TURİZMİN BAŞŞEHRİNE DERİN BİR KAYGI HAKİM
Yabancı turistlerin en ağır olarak tercih ettiği turizm lokasyonlarının başında Antalya geliyor. Bu nedenle turizmin başşehri olan bu kent, 2020’de en çok zorlanan kentlerin başında gelmişti. Kentin turizmcilerine can suyunu veren ülkenin Rusya olması ise tabloyu side escort daha ağır hale getiriyor.
2019’da rekor kıran Rusya’dan gelen turist sayısı o yıl birinci defa 7 milyonun üzerine çıkmıştı. Fakat Rusya’nın diplomatik krizlerde turist kozunu sert formda uygulayabildiğini daha evvel 2016 tecrübesi göstermişti. Gerçekten Rusya ile Türkiye ortasında yaşanan uçak krizi nedeniyle 2016’da Rusya’dan gelen turist sayısı 870 bine kadar gerilemişti. 2021’de de misal bir kriz senaryosu kendisini gösterdi. Lakin bu sefer Antalyalı turizmcilerin dayanma gücü daha az. Zira 2016’ya kıyasla hem çok daha fazla borçlular, hem yerli turist dayanağından yoksunlar, hem de 2020 yılında da derin bir pandemi krizi yaşadılar. Bankacılık Düzenleme ve Denetleme Kurumu (BDDK) datalarına nazaran kentteki turizm işletmelerinin bankalara olan borcu 2020 yılı sonu itibariyle 52 milyar 873 milyon TL’ye dayanmış durumda.

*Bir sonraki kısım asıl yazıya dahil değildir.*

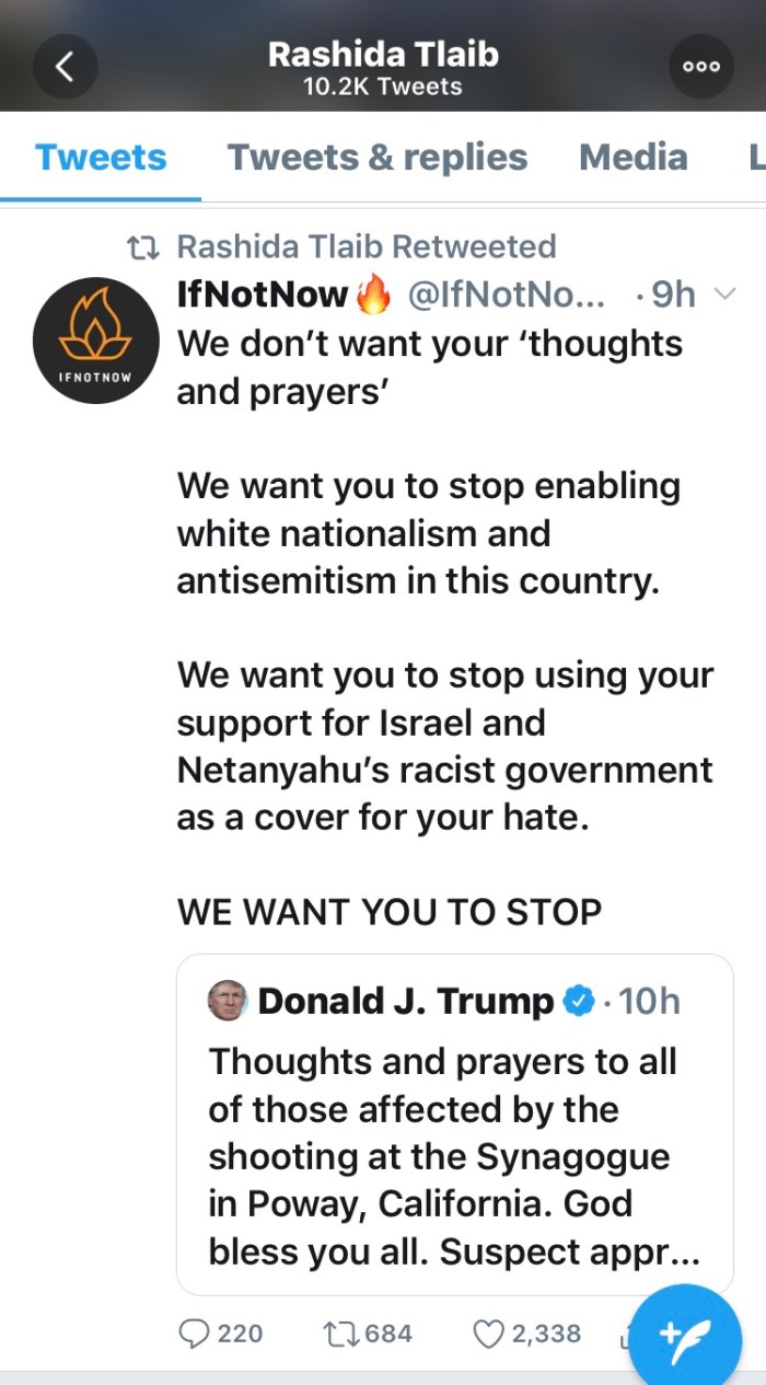 Look what Tlaib tweeted. Talk about spreading hatred, she is in competition with AOC and Omar for the top hater.

Son yıllardaki artış ise dikkat alımlı boyutlara ulaşmış durumda. Uçak krizinin turizme darbe vurduğu yıl olan 2016 sonunda Antalyalı turizmcilerin bankalara borcu 14 milyar 695 milyon TL’yken o günden bu yana borcun artış oranı yüzde 259. Antalyalı turizmcilerin bankalara borcunun 2019 yılı sonunda 35 milyar 464 milyon TL olduğu düşünülürse, turizmin “ölü yılı” olan 2020’de bile borç artışı yüzde 46.

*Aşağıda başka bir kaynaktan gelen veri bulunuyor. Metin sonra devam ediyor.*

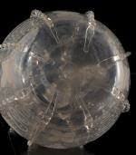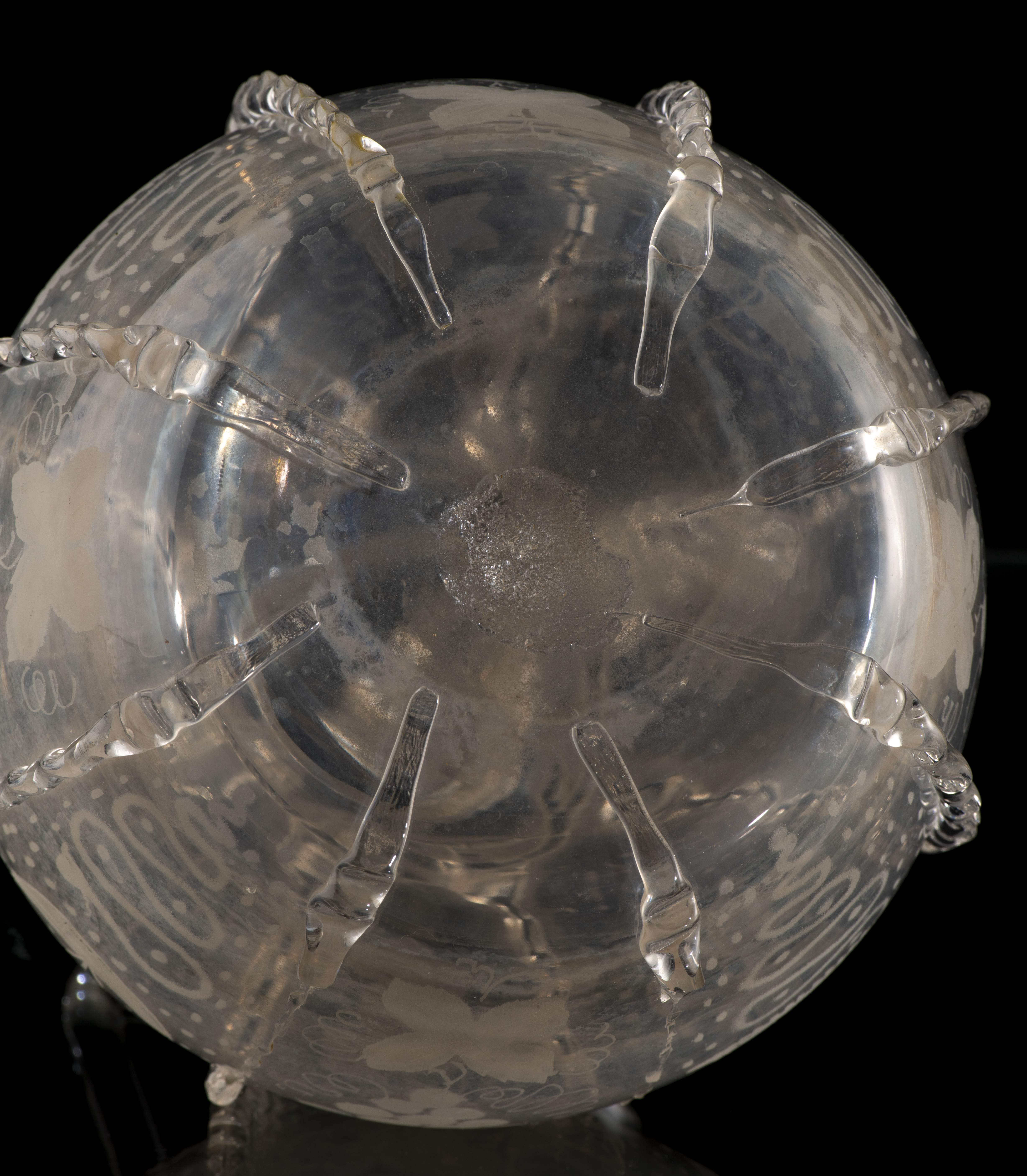 Carafe ancienne en verre soufflé de Hollande à décor gravé de moulins et grappes de raisin, col à 2 anses et panse compartimentée.

Öbür vilayetlerle kıyaslandığında da Antalya bilhassa öne çıkıyor. Zira turizm kesiminin en çok borcunun bulunduğu vilayet de Antalya. Dalın 2020 yılı sonunda toplam 136,4 milyar lira banka borcu olduğu düşünülürse turizmcilerin her 100 liralık borcunun 39 lirası Antalyalı işletmecilerin sırtında. Üstelik Antalya’nın turizm bölümünün banka borçları içindeki hissesi her geçen yıl artıyor.
ÇİFTÇİ DE ETKİLENİYOR
Antalya bir yandan turizmin bir yandan da seracılığın başşehri. Kentin tarım eserlerine dönük talebi oteller ve ihracatçılar yaratıyor. Bu haliyle hem turizm dalında yaşanacak sakinlik kentin tarım başta olmak üzere öteki dallarını de olumsuz etkiliyor.